読了日:9月4日 著者:ブルーノ・ムナーリ
鹿の王 (上) ‐‐生き残った者‐‐鹿の王 (上) ‐‐生き残った者‐‐感想
『指輪物語』を思わせる壮大なファンタジー。魅力的な登場人物が次々と登場してくる。一番惹かれるのは、ホッサル。“身体とは何か。生命とは何か。人の身体を見るたびに、それを思わずにはいられない。”そうつぶやく彼は、はたして恐ろしい黒 狼熱とどう向き合っていくのか、下巻に期待。
読了日:9月6日 著者:上橋菜穂子
鹿の王 (下) ‐‐還って行く者‐‐鹿の王 (下) ‐‐還って行く者‐‐感想
上巻を読み終えてから一気読み。なぜタイトルが『鹿の王』なのか、心に残りました。第10章の「ヴァンとホッサル」のところは一番気に入っているところです。ヴァンの語り、ホッサルの生命の不思議を説明するレクチャー、二人の生き方が交錯し、そしてそれぞれ信念を持って生き抜いていく姿が眩しいです。読んで良かった。
読了日:9月7日 著者:上橋菜穂子
図書分類からながめる本の世界 (JLA図書館実践シリーズ 16)図書分類からながめる本の世界 (JLA図書館実践シリーズ 16)感想
世の中にはいろいろな本があって、そのすべてを分類するっていうできるんだろうか?と思ったりする。でも、この本を読むと知を結集しながら、図書分類は時代とともに進化していっているんだなって感じる。普段は手に取らない本も各分野に魅力的に紹介されて読んでみたくなる。
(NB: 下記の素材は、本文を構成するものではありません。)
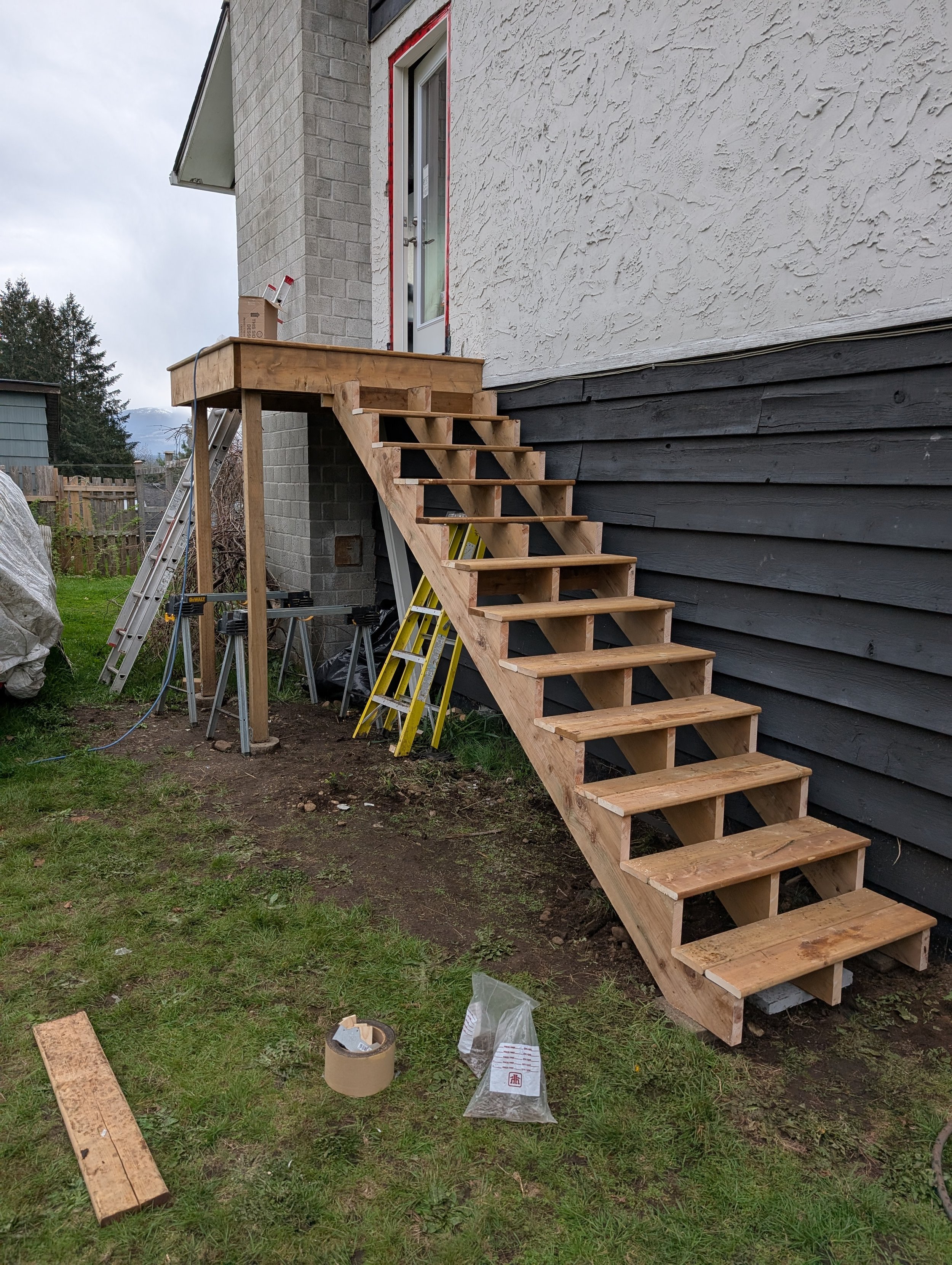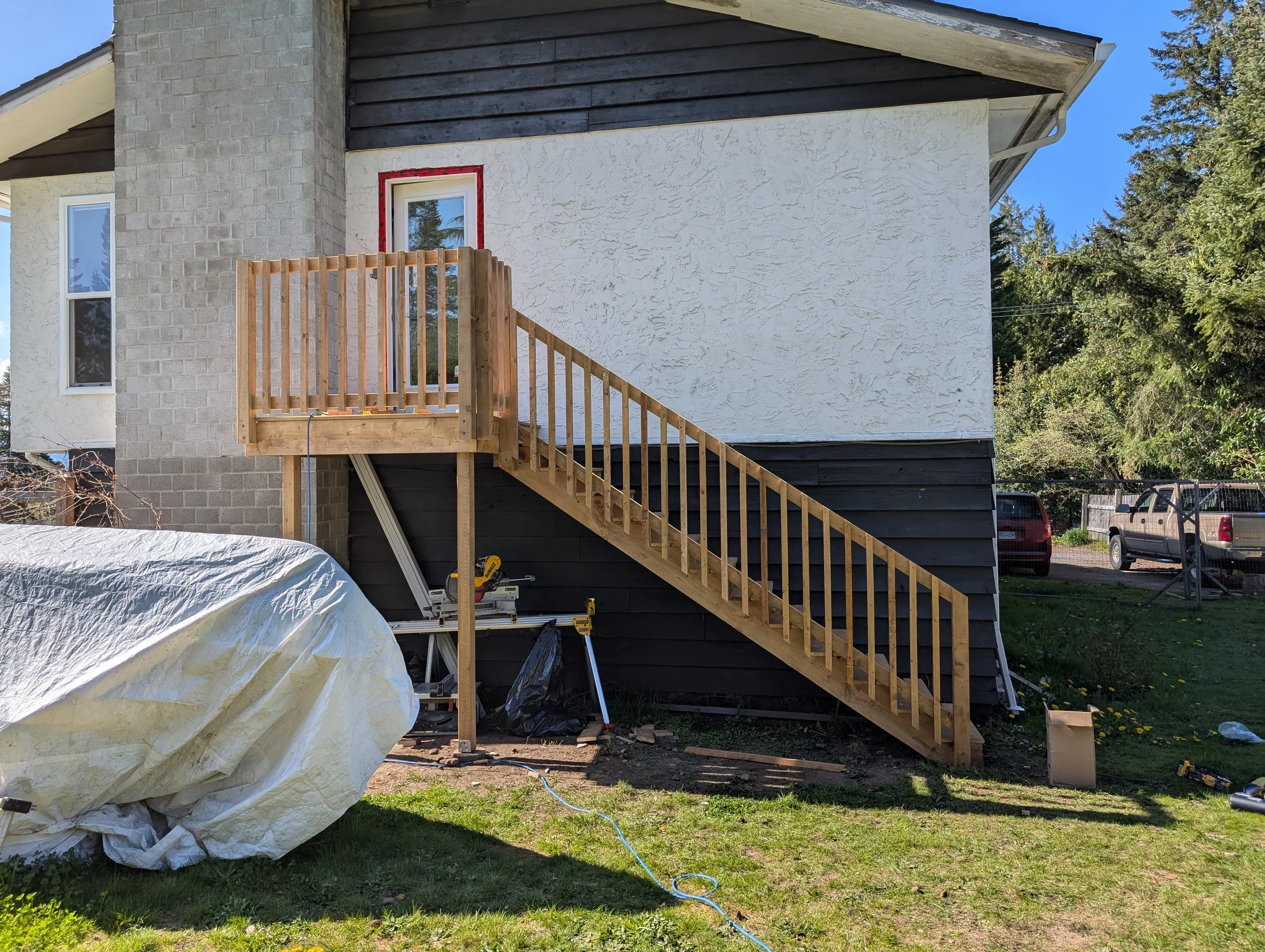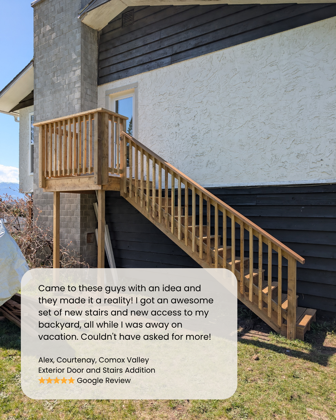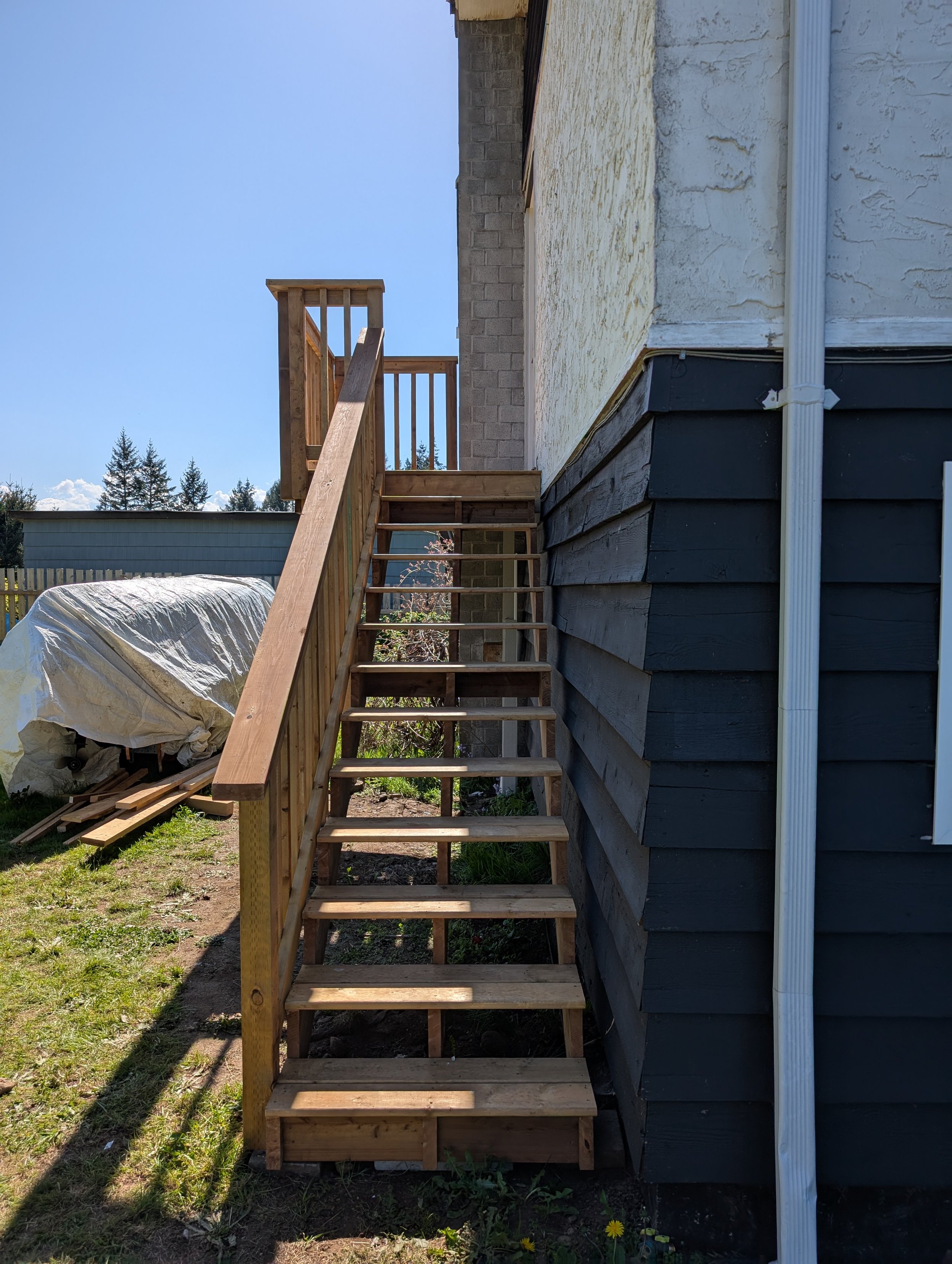 Pressure-treated lumber was used throughout this project to ensure the structure can handle moisture, insects, and the changing coastal climate of the Comox Valley. It’s specifically treated to resist rot and decay, which is essential for anything exposed to the elements — like stairs, landings, and railings.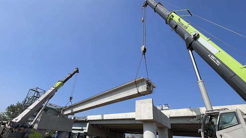 此次架设的是凉亭枢纽A匝道桥第五联25米连续箱梁,梁板重78吨。为确保首片箱梁的顺利架设,项目部多次组织召开运梁、架梁专题会议,制定了完善的吊装和应急预案,对作业人员进行安全技术交底。同时积极联系属地政府、交警等单位,提前做好运梁规划路线,交通引导等工作,确保运梁过程的安全性。施工过程中,项目技术和管理人员全程跟踪,严格执行吊装作业安全操作规程,实现了首片箱梁的安全精准架设。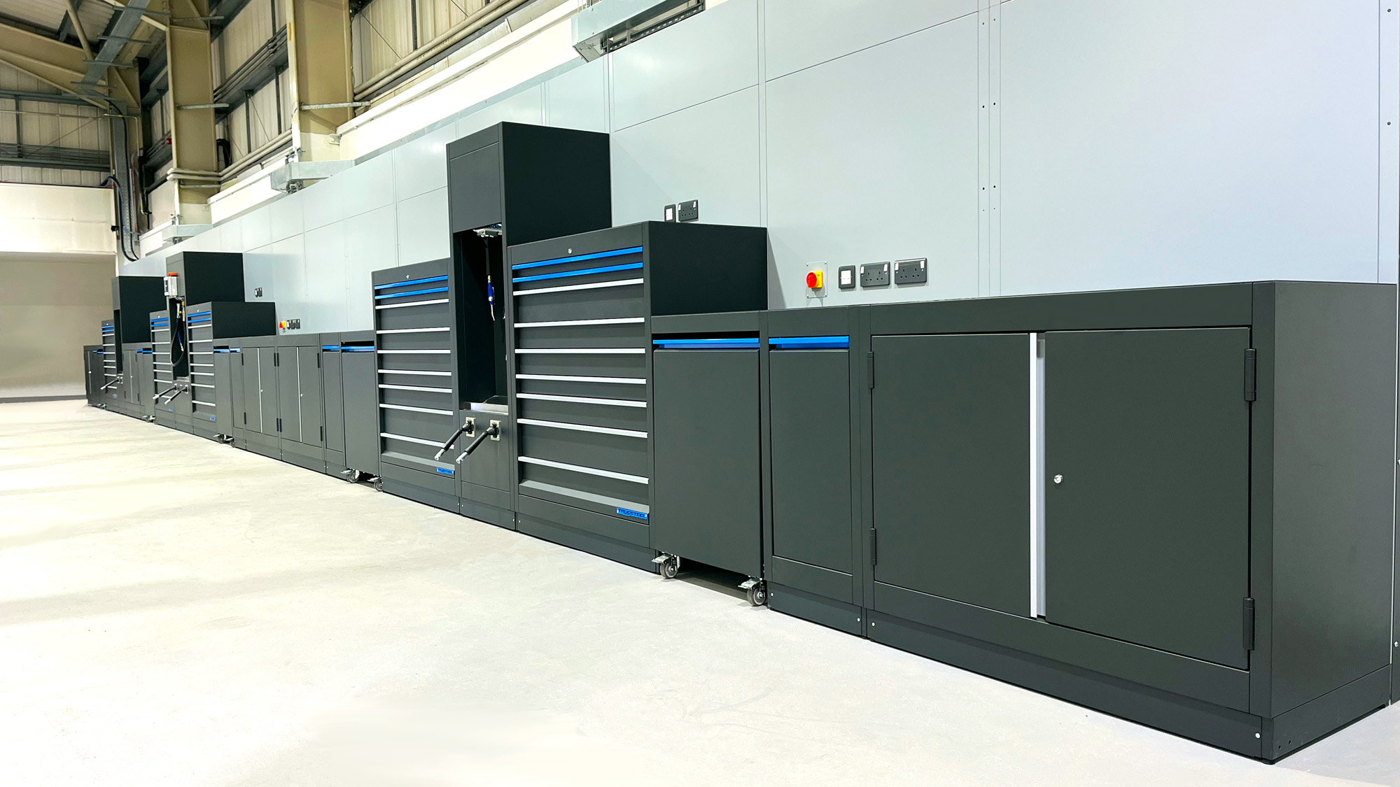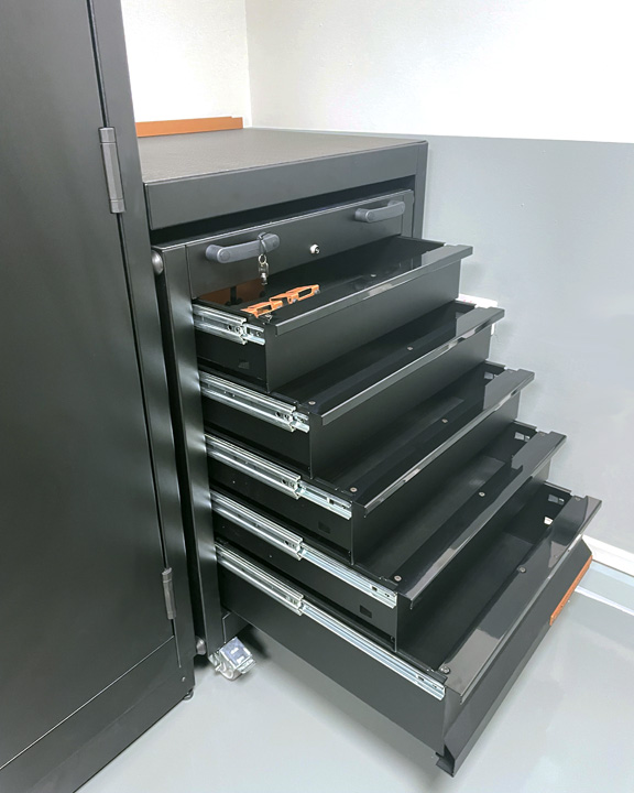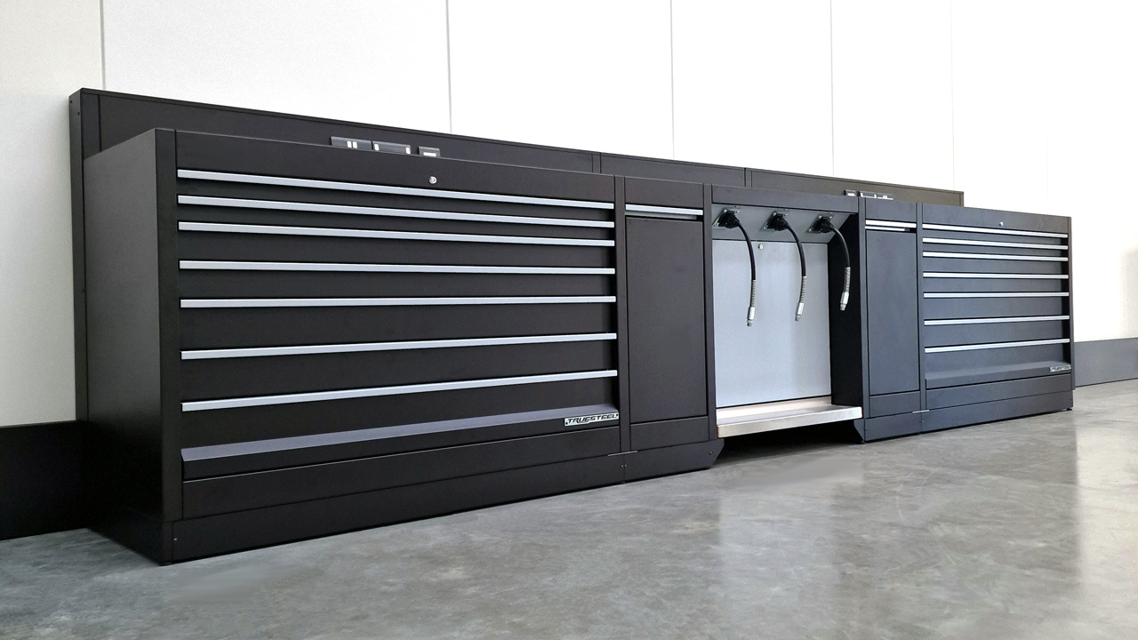 TRUESTEEL’s design and manufacturing technique will accommodate a vast range of different size toolboxes, storage cabinets, automotive tools safe storage, central services cabinets and in-house waste separation and management.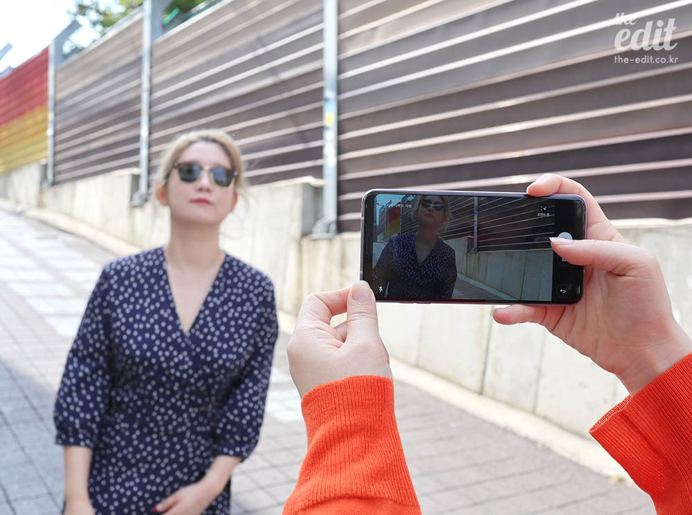 우리가 영상을 찍던 날은 하늘이 새파랗고 예뻤다. 날씨 좋은 낮 시간에 야외에서 촬영할 땐 무조건 ‘풍경 필터’를 써보시길. 하늘이 더 새파랗게 표현돼서 드라마틱한 그림을 담을 수 있다.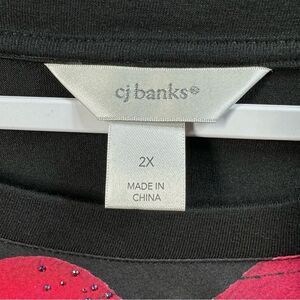CJ Banks Black Floral Knit Top Stretch Sparkle Accent Plus 2X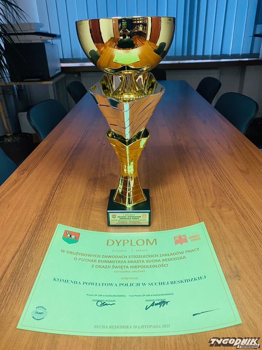 Umiejętności strzeleckie suskich policjantów przyniosły im zwycięstwo w Drużynowych Zawodach Strzeleckich Zakładów Pracy z okazji Święta Niepodległości.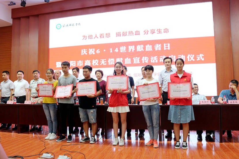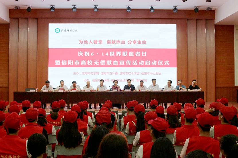 6月14日下午,信阳市庆祝6.14世界献血者日暨信阳市高校无偿献血宣传活动在信阳师范学院逸夫楼报告厅举办。信阳师范学院、信阳市卫生和计划生育委员会、信阳市中心血站负责同志及信阳市各高校师生代表参与了此次活动。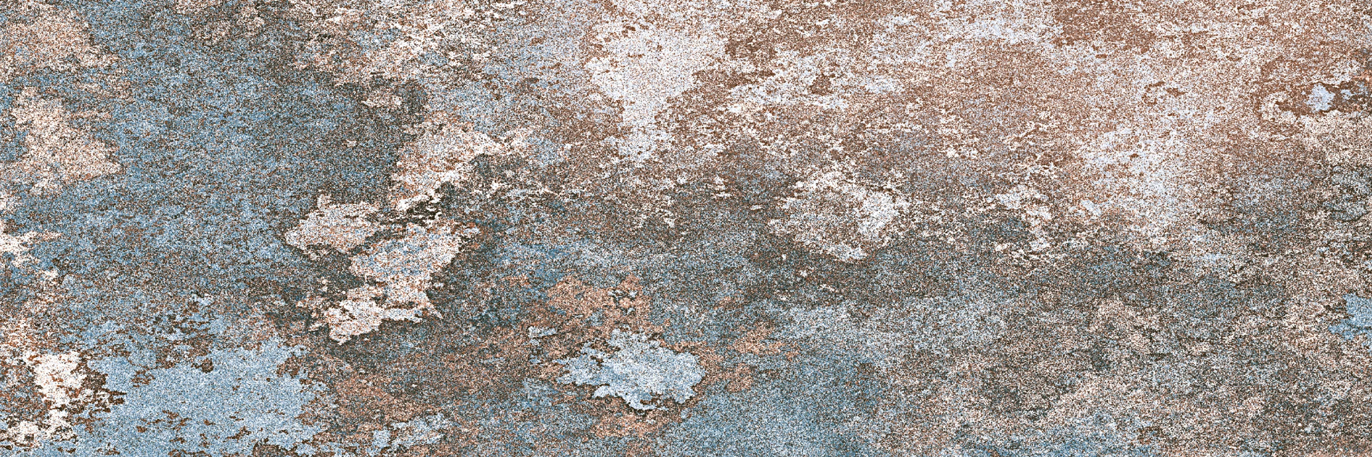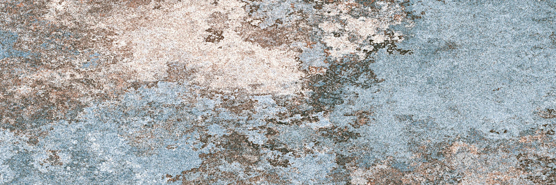 Suprafața mată este decorată cu un model natural, cu aspect de piatră erodată, în nuanțe texturate de albastru pal, maro ruginiu și gri mineral.

1類の『ウソの記憶と真実の記憶』、5類の『麦と米の攻防』、7類の『音楽と文学との対話』が面白そう。
読了日:9月8日 著者:近江哲史
ランチのアッコちゃんランチのアッコちゃん感想
「私にふさわしいホテル」以来の柚木さんの本。なんといっても表紙が美味しそう。パクパク食べる感覚で、さくさく読めて一気読み。「さあ~、明日から仕事がんばろっと!」という軽快なノリが魅力だわ~。
読了日:9月14日 著者:柚木麻子
はじめてのルーヴルはじめてのルーヴル感想
名画に込められたシンボリズムがわからないことが多いのですが、この本で甕や壺が女性の子宮を象徴することを知りました。こういうことを知っていると深読みが楽しめて美術館でも妄想できそう。「天使とキューピット」の章も違いがやさしく説明されていて納得できました。おもしろ情報満載のガイドブックです。
読了日:9月18日 著者:中野京子
若冲若冲感想
奇想の画家として近年とみに人気の高い若冲。展覧会で『動植綵絵』を実際に観てその迫力と精密さには感嘆するばかり。そんな魔法のような絵を描いた若冲の生きざまを血の通った人物として浮かび上がらせた澤田さんの才に感服。若冲の贋作絵師、君圭はまるで実在の人物のよう。若冲の妹、お志乃の視線が温かい。
読了日:9月23日 著者:澤田瞳子
へそ曲がりの大英帝国 (平凡社新書)へそ曲がりの大英帝国 (平凡社新書)感想
新井さんの本は、日本人がわかりにくいイギリスの微妙な階級社会をわかりやすく解説してくれているので、大変参考になります。今回も映画、テレビ番組をはじめ、いろいろな角度から例を挙げて楽しい読書でした。特に第4章の「『田舎』はイギリス人の心のふるさと?」で、私の憧れのカントリーハウスのことを述べていて興味深く読みました。